Honeyblood - Honeyblood

“Everyone is an author with something to say / Everyone’s got a picture to paint,” laments Stina Tweedale on 'Biro', one of many moments on this sharp and accomplished debut where the Glasgow duo belie both their age and their alleged musical heritage. A generation on, and despite lazy reportage that innacurately casts them as Brit-indie re-workers, this astute duo wisely take their cue from the 90s US alt. epoch. And boy, do they mould those materials well. Tweedale's guitar is a dominant factor - largely strummed and immacutely set up, it's genuinely distinctive; a fug of overdrive that defines Honeyblood’s impressively full soundboard. It may well recall a very particular and perhaps narrow time and place, but done this well, there's little cause for complaint. Older heads will spot shades of Julianna Hatfield’s Hey Babe, Belly and prime Dinosaur Jr. Shades of 50s girls groups, a hint of Maria McKee in Tweedale’s voice, help season the mix and give it colour and soul.
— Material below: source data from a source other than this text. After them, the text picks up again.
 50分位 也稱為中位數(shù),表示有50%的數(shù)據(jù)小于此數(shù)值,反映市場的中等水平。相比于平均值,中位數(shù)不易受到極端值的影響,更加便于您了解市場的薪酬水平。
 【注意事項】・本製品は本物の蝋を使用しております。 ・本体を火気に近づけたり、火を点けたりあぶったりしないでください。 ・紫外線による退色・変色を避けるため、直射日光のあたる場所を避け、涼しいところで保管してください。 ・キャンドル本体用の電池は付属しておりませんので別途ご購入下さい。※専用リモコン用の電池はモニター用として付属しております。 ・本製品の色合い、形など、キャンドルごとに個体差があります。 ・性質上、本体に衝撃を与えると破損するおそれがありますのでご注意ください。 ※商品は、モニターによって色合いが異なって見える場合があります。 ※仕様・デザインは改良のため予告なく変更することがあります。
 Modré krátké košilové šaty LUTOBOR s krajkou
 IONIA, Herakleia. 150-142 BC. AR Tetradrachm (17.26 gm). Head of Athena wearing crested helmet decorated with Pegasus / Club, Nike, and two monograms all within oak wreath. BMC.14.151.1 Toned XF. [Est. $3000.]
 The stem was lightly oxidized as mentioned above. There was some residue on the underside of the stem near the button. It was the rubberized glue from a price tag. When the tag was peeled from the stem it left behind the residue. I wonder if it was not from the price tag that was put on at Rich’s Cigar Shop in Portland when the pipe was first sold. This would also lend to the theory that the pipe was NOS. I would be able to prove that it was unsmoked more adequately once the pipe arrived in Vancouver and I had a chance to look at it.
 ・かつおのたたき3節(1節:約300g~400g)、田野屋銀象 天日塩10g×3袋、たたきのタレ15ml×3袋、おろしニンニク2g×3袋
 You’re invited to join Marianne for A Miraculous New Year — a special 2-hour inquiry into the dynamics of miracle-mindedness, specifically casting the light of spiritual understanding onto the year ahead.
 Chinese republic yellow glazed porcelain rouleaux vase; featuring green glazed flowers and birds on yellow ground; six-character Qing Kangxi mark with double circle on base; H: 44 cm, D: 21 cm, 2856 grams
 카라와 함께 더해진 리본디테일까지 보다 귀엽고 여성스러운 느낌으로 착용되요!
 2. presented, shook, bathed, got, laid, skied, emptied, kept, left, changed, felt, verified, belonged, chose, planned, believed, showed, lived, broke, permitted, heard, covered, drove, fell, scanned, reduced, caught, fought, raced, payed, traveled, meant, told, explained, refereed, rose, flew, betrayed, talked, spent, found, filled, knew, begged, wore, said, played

There’s so much going on in here. So much that, when you hear Honeyblood talk about how they had to rush to complete recording, galloping to squeeze their last few songs into a final couple of days’ studio time, the mind boggles. Honeyblood is guitar pop at its very finest, a finger-in-the-air, tongue-in-cheek, knee-in-the-groin eruption of guitar, drums, vocals. It’s the latter that will get you first, Tweedale all volume and vibrato, but Honeyblood are a duo whose full sound hints at a half dozen uncredited members. Oh, and take note, fans of characterful drummers: Shona McVicar got some mighty chops, and plays with style and feel.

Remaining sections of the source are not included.